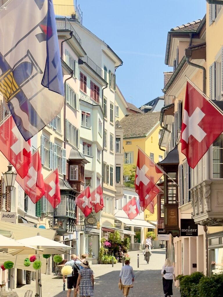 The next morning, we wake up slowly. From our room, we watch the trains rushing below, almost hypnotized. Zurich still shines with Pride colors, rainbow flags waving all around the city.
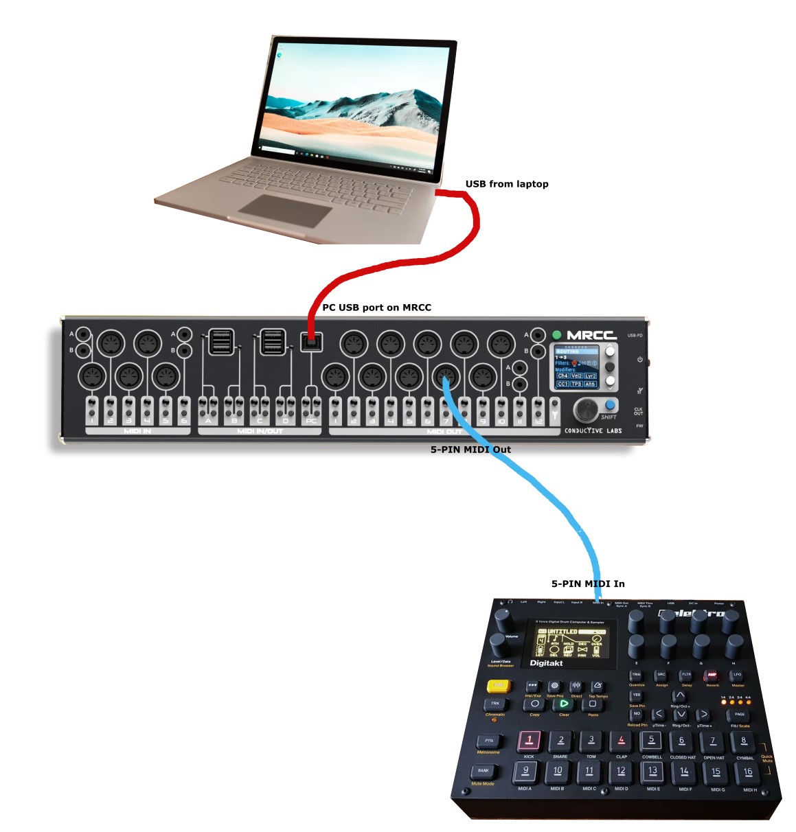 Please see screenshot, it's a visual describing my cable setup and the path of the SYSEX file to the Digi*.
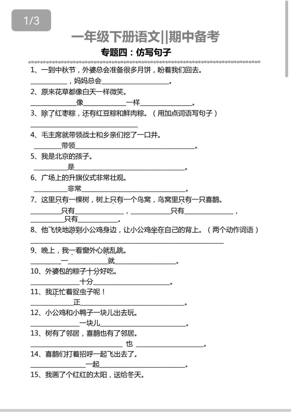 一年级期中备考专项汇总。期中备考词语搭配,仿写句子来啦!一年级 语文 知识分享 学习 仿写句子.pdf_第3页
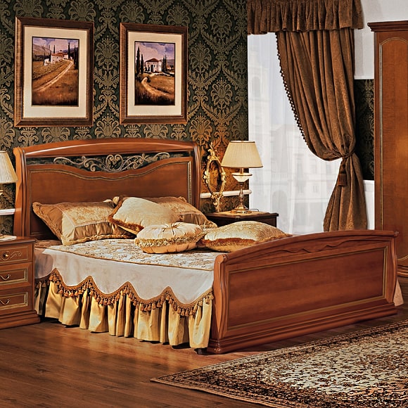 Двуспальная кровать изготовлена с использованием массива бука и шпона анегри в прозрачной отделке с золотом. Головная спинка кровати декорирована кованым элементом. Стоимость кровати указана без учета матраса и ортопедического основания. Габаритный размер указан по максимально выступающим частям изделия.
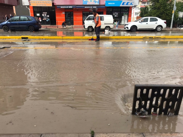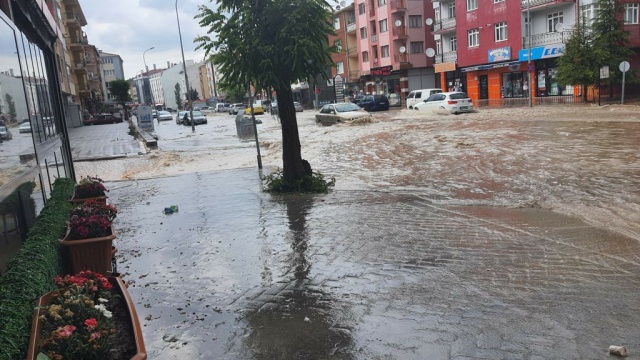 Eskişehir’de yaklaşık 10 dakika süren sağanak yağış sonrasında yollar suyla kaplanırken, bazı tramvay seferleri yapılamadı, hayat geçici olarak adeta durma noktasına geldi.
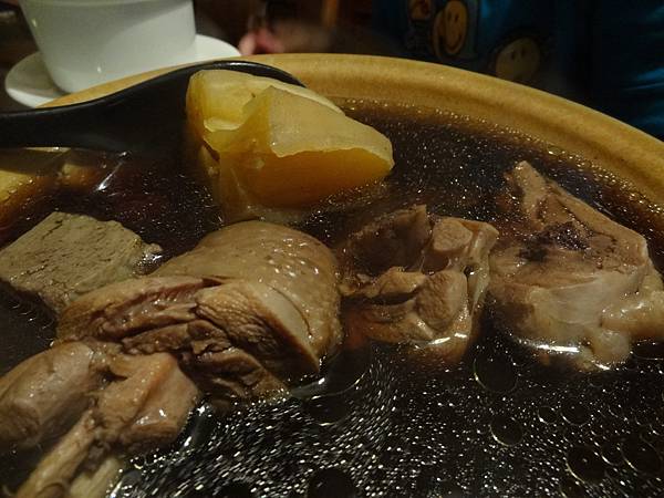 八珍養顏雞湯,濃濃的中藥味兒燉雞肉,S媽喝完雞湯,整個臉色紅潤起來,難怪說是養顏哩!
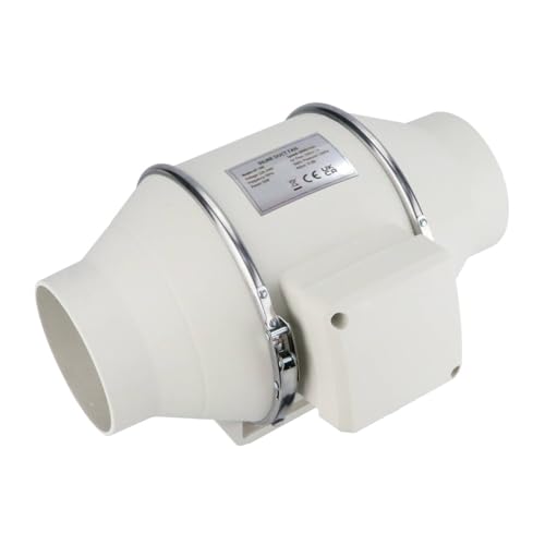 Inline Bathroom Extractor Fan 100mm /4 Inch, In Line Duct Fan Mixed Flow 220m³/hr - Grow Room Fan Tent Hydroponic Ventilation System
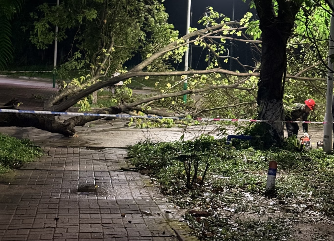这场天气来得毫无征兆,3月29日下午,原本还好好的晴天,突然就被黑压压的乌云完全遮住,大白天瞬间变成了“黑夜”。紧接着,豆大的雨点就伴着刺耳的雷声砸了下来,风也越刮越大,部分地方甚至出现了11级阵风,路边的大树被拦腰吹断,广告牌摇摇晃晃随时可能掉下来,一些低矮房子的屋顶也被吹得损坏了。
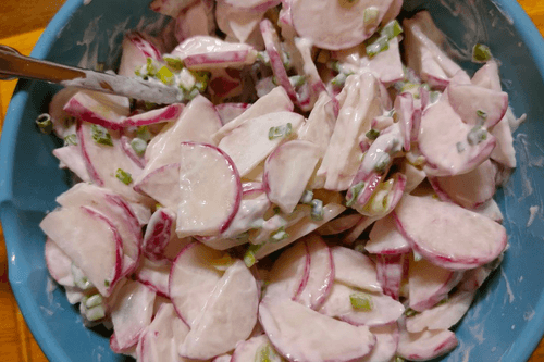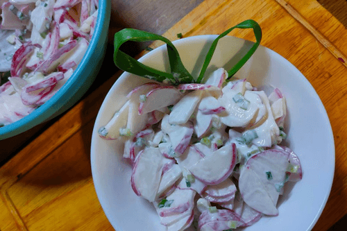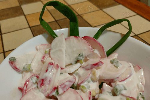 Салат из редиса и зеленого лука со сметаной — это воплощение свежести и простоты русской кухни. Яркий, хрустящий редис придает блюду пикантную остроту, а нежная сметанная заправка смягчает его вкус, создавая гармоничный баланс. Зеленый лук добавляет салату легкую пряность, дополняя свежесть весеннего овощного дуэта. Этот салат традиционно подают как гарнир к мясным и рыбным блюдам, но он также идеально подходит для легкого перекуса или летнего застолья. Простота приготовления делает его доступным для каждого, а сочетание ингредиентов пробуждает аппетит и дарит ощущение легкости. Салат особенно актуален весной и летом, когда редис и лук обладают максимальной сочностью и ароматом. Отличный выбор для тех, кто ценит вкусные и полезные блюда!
● ● ●
-- WHAT NEEDS TO BE DONE --
Precisely those lines above that run from the line with "Please see screenshot, it's" up to and including the line with "八珍養顏雞湯,濃濃的中藥味兒" are to be set down, with the pictures omitted.

-- SOLUTION BELOW --
 Please see screenshot, it's a visual describing my cable setup and the path of the SYSEX file to the Digi*.
 一年级期中备考专项汇总。期中备考词语搭配,仿写句子来啦!一年级 语文 知识分享 学习 仿写句子.pdf_第3页
 Двуспальная кровать изготовлена с использованием массива бука и шпона анегри в прозрачной отделке с золотом. Головная спинка кровати декорирована кованым элементом. Стоимость кровати указана без учета матраса и ортопедического основания. Габаритный размер указан по максимально выступающим частям изделия.
 Eskişehir’de yaklaşık 10 dakika süren sağanak yağış sonrasında yollar suyla kaplanırken, bazı tramvay seferleri yapılamadı, hayat geçici olarak adeta durma noktasına geldi.
 八珍養顏雞湯,濃濃的中藥味兒燉雞肉,S媽喝完雞湯,整個臉色紅潤起來,難怪說是養顏哩!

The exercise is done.